[Record set]

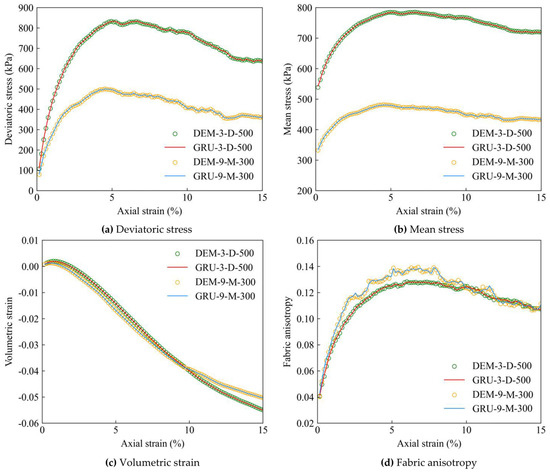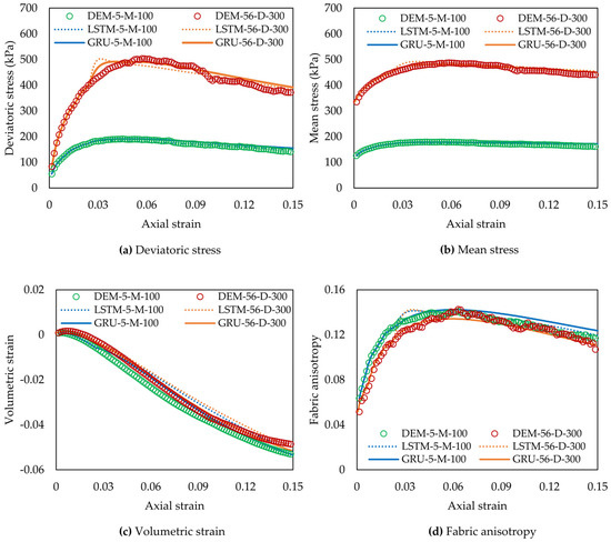 Figure 8 and Figure 9 present the training results of LSTM-NN and GRU-NN for predicting the relationship between p, q, εv, σc, and ε1. The curves are denoted by a code with a format of ‘DEM/LSTM/GRU-a-D/M-b’, in which the approach used is represented by either DEM, LSTM, or GRU, ‘a’ represents the ID of the particle size template, ‘D’ or ‘M’ denotes the type of sample, either dense or medium dense, and ‘b’ represents the confining pressure. Each input sub-sequence and its next-step targets form a training sample, enabling the ML-based modeling to learn the loading history dependency of the mechanical responses of the granular samples. It is observed that during the training process, the predictions of both ML-based models closely match the DEM simulation data for all target variables. These results show the strong capability of ML-based models in learning the macro and micro mechanical behaviours of granular soils.
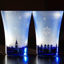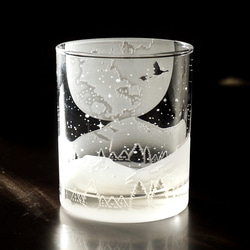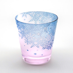 八角形の不思議なグラスに、霜と雪の結晶を彫刻した作品です。
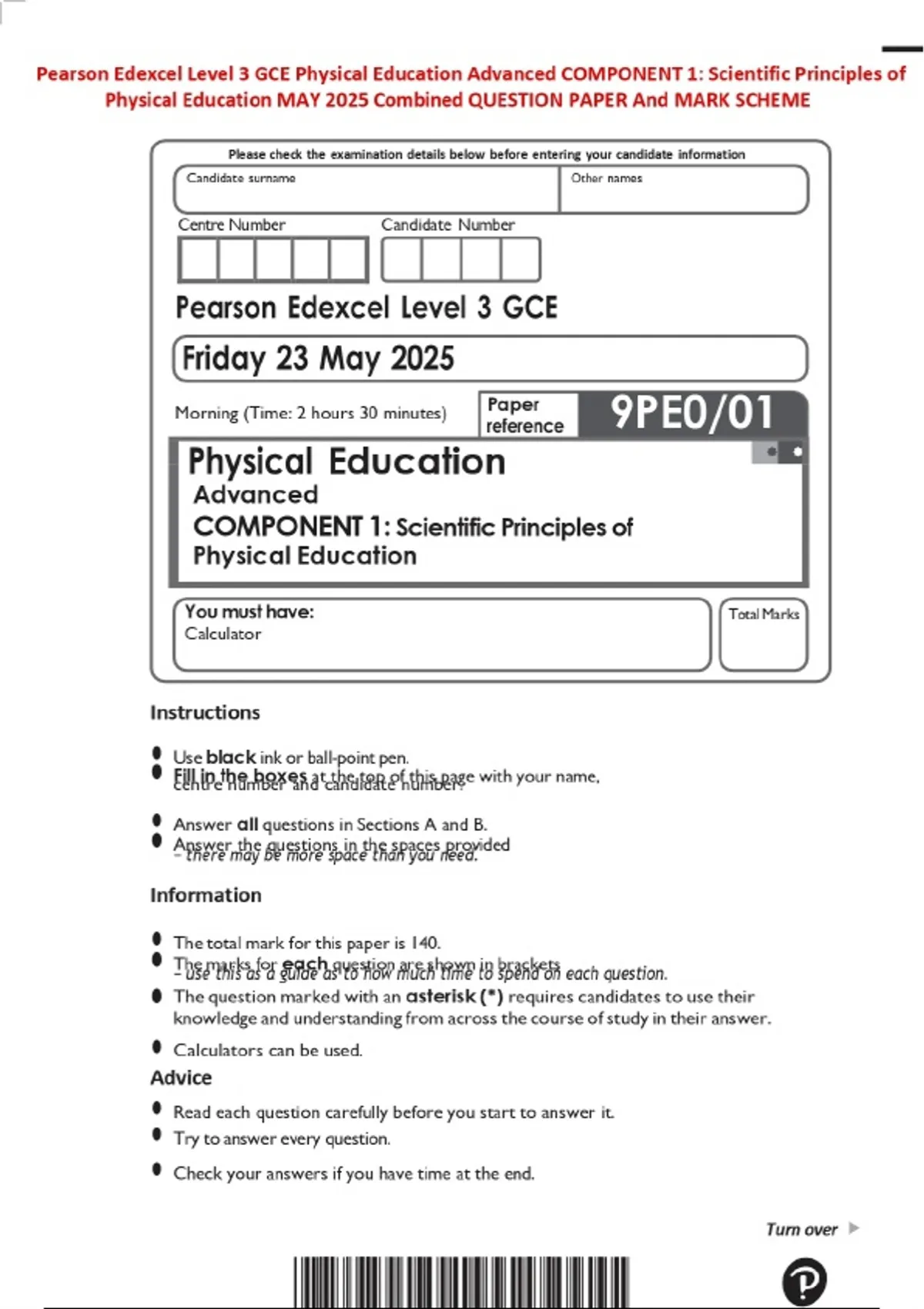 Pearson Edexcel Level 3 GCE Physical Education Advanced COMPONENT 1: Scientific Principles of Physical Education MAY 2025 Combined QUESTION PAPER And MARK SCHEME
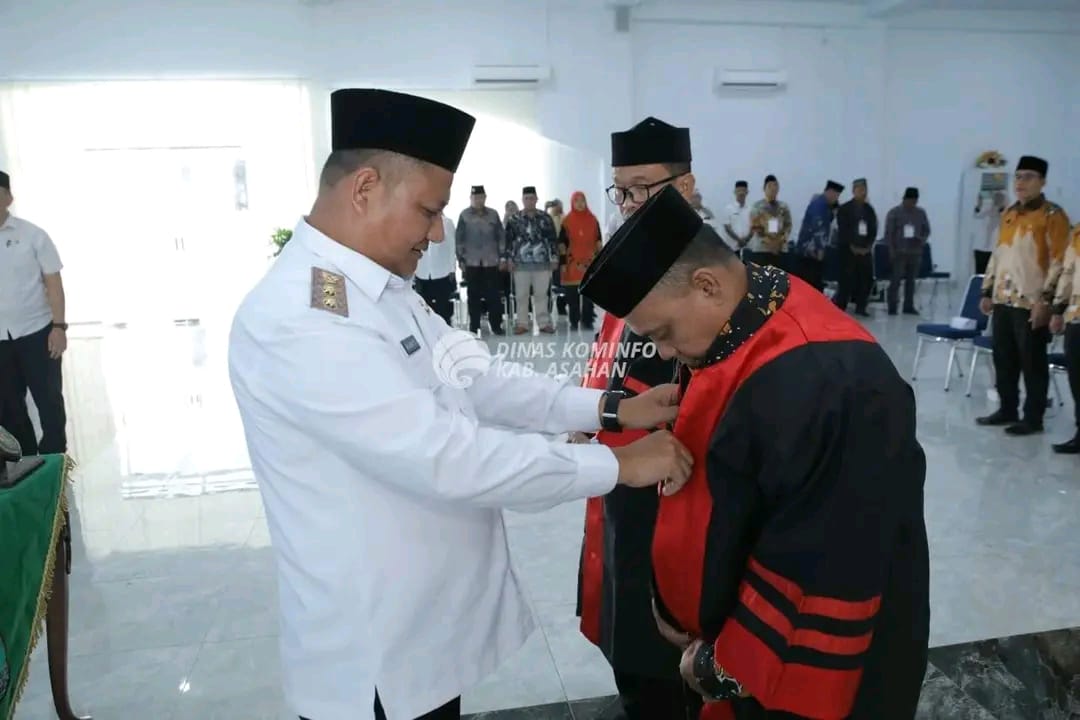 Prosesi pelantikan ditandai dengan pemasangan jubah secara simbolis kepada perwakilan Dewan Juri oleh Wakil Bupati Asahan.
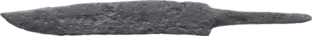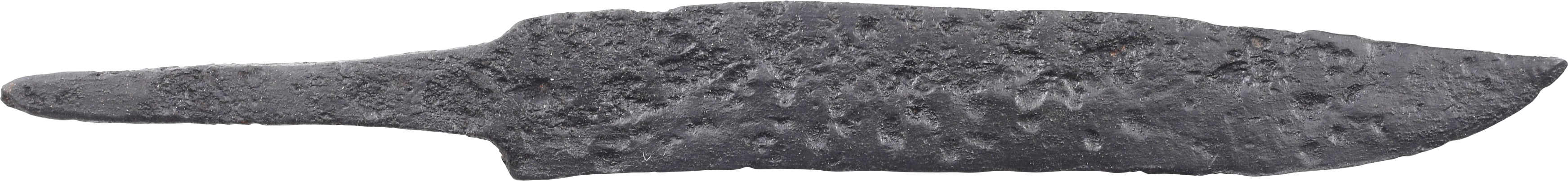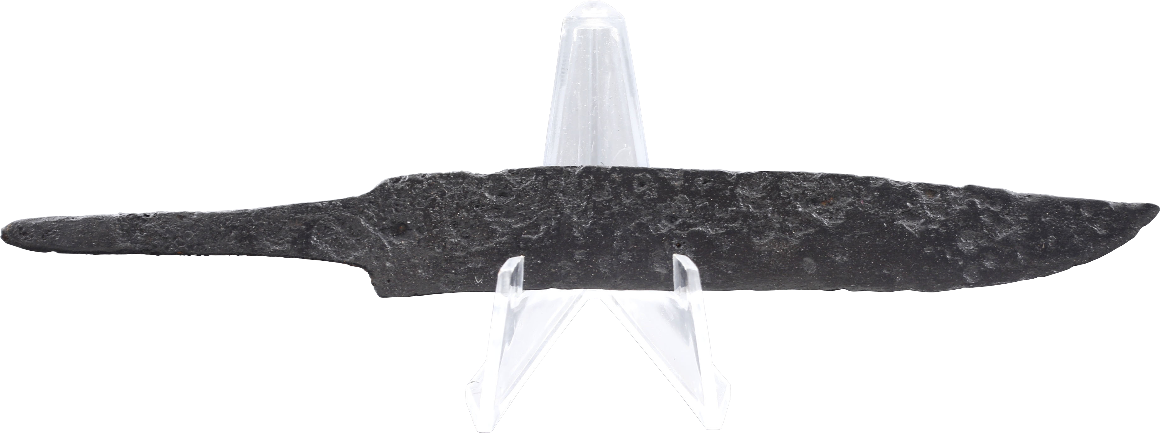 Forged iron, 7 1/8” length. Curved back clipped point blade of thin fighting section, distinguishing it from a work knife. The lack of and sharpening confirms its use as a weapon. Tapered tang for mounting to a bone or antler grip without a guard. Some original surface preserved with burial degradation to the balance. Fine example of the classic Viking scramseax. Professionally conserved with Plexiglas display mount.
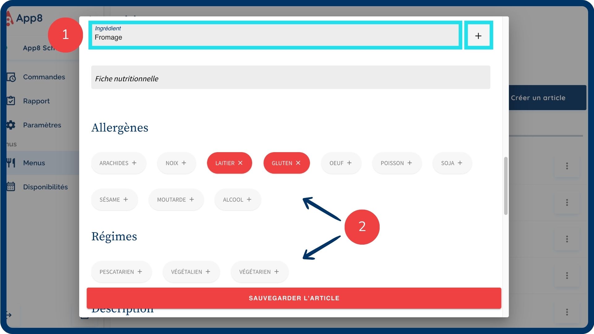 Sélectionnez les allergènes et les catégories de régimes alimentaires applicables.
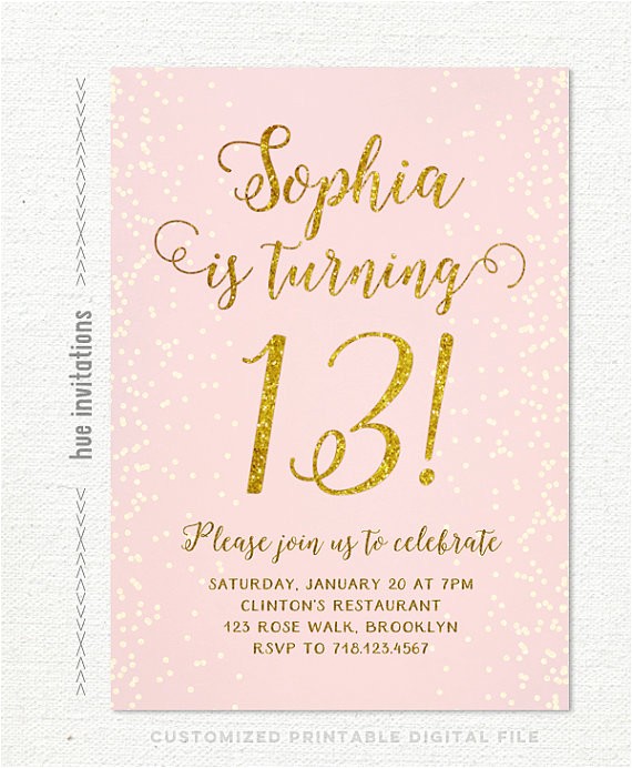 13th birthday invitation for girl pink gold teen birthday from 13th birthday invitations for girls
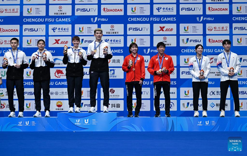 Gold medalists Ye Hong-wei (4th L)/Lee Chia-hsin (3rd L) of Chinese Taipei, silver medalists Lee Fang-chih (1st L)/Teng Chun Hsun (2nd L) of Chinese Taipei, bronze medalists Takiguchi Yuto (4th R)/Uemura Rio (3rd R) of Japan and Jin Yong (2nd R)/Ji Youngbin of South Korea attend the awarding ceremony for badminton mixed doubles at the 31st FISU Summer World University Games in Chengdu, southwest China's Sichuan Province, Aug. 7, 2023. (Xinhua/Jigme Dorje)
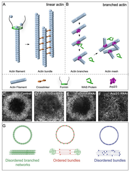 - Michelot, A.; Drubin, D.G. Building Distinct Actin Filament Networks in a Common Cytoplasm. Curr. Biol. 2011, 21, R560–R569. [Google Scholar] [CrossRef]
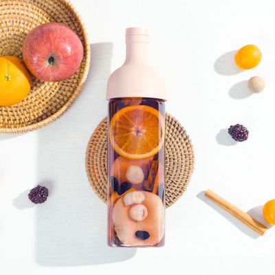 1、ご自宅にあるタンブラーやボトルにお茶パックとドライフルーツを入れます。

[/Record set]

### Work instructions
Find the line that contains "Sélectionnez les allergènes". Copy it and every line after it through the end of the listing exactly, but not the pictures.

### Task result
 Sélectionnez les allergènes et les catégories de régimes alimentaires applicables.
 13th birthday invitation for girl pink gold teen birthday from 13th birthday invitations for girls
 Gold medalists Ye Hong-wei (4th L)/Lee Chia-hsin (3rd L) of Chinese Taipei, silver medalists Lee Fang-chih (1st L)/Teng Chun Hsun (2nd L) of Chinese Taipei, bronze medalists Takiguchi Yuto (4th R)/Uemura Rio (3rd R) of Japan and Jin Yong (2nd R)/Ji Youngbin of South Korea attend the awarding ceremony for badminton mixed doubles at the 31st FISU Summer World University Games in Chengdu, southwest China's Sichuan Province, Aug. 7, 2023. (Xinhua/Jigme Dorje)
 - Michelot, A.; Drubin, D.G. Building Distinct Actin Filament Networks in a Common Cytoplasm. Curr. Biol. 2011, 21, R560–R569. [Google Scholar] [CrossRef]
 1、ご自宅にあるタンブラーやボトルにお茶パックとドライフルーツを入れます。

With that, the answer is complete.